Mark Russinovich’s “Sysinternals Suite”, which includes the likes of Process Explorer, Process Monitor, Autoruns and TCPView, is one of the most invaluable collections of free tools ever assembled for Windows. Russinovich has just added a new weapon to this already comprehensive arsenal — Sysmon, a command-line program that watches for system events, particularly those associated with malicious behaviour.
Sysmon is similar to Process Monitor, in that it lets you record Windows events in real-time. It’s a great way to observe the actions of applications that aren’t working as they should and even track down nefarious processes. The difference with Sysmon is three-fold — it has no user interface and is instead launched from the command-line, after which it remains active; it can record the hashes of processes, using MD5, SHA1 or SHA256 and it can capture events during boot, where kernel-mode nasties tend to do their work.

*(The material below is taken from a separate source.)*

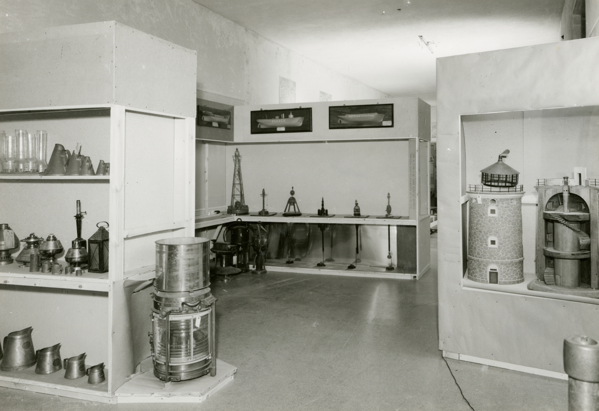 Interiör från Sjöhistoriska museet. Fyr- och Lotsutställningen 1960. Provexponering.

To get it running, download the Sysmon ZIP from Microsoft, extract it to a convenient folder, crack open a terminal in that directory and type the following:
sysmon –i -accepteula –h md5 –n
This will install Sysmon as a resident program, monitoring network connections and creating hashes of new processes. You can replace “md5” with “sha256” or “sha1”, with the last of these being the default and more than good enough to avoid collisions.
Sysmon can also tell when a file has had its creation timestamp modified and in some cases, determine its actual creation date. As the tool’s page points out, this is common behaviour for a trojan or virus when it overwrites a system file and attempts to hide itself.